Yes, Miss Andrews was a very lascivious female. And a very stubborn female too. She had refused to believe that the two fat jolly gangsters in Amstelveen jail had not killed her fiance\ And she had been unwilling to admit that she had ever slept with other men. Kikuji Nagai had been her one and only, ever. She had slept with other men in Japan, but that was some time ago now, when she was a barmaid in the yakusa nightclub in Kobe. She wanted to forget that part of her life. He hadn't insisted. He was only interested in what she had done in Amsterdam. Surely other men had tried to make love to her; she had been in the public eye, hadn't she? Showing guests to their tables in the restaurant near the State Library? Talking and listening to them? Joking with them at the bar? What about the male staff of the restaurant, the owner, for instance, nice unobtrusive Mr. Fujitani. Grijpstra had had to look the name up in his notebook. Mr. Fujitani, the man he had met briefly during the meal which Mrs. Fujitani had given him in the special room upstairs. Hadn't Mr. Fujitani tried to make love to her?

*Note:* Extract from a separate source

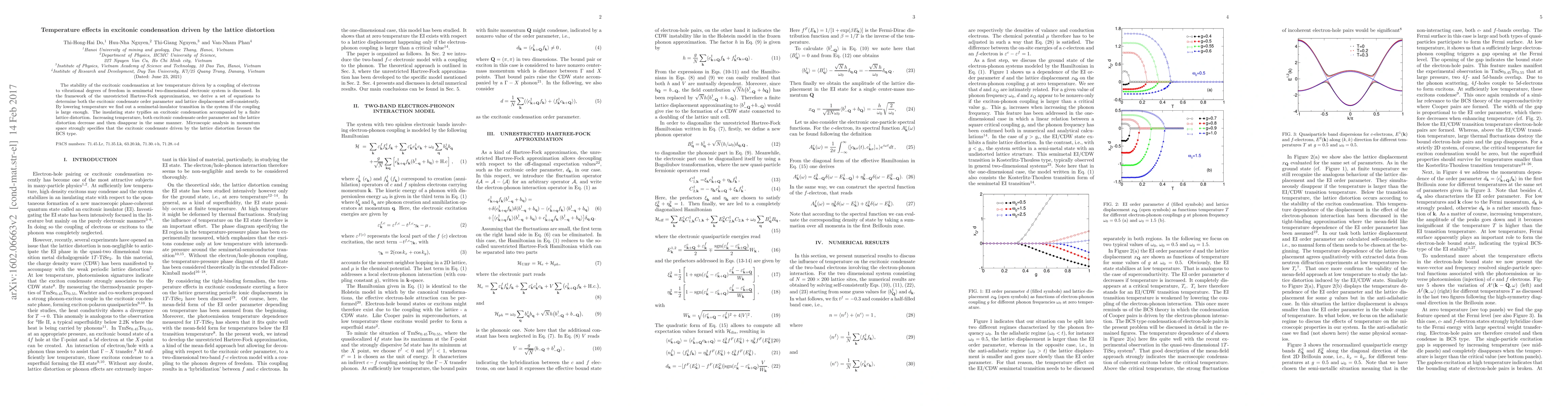 A research paper explores how temperature affects excitonic condensation in a semimetal system driven by lattice distortion, leading to a phase transition between an insulating state with finite lattice distortion and a normal state at higher temperatures.

Yes, he had, Joanne said. But she had refused. And so had the cook. She had refused him too, although she liked him. She had flirted with him but had stopped at the decisive point. She had spent her time either waiting for Kikuji or with Kikuji. She was going to marry Kikuji Nagai, wasn't she?

Yes, certainly. But what about the time when she hadn't met Mr. Nagai yet, the dark days when she had just arrived in Amsterdam and didn't know anyone except the staff of the restaurant. When she felt lonely, spending her nights alone in the boardinghouse? These are modern times, when women take the pill and live without fear. So?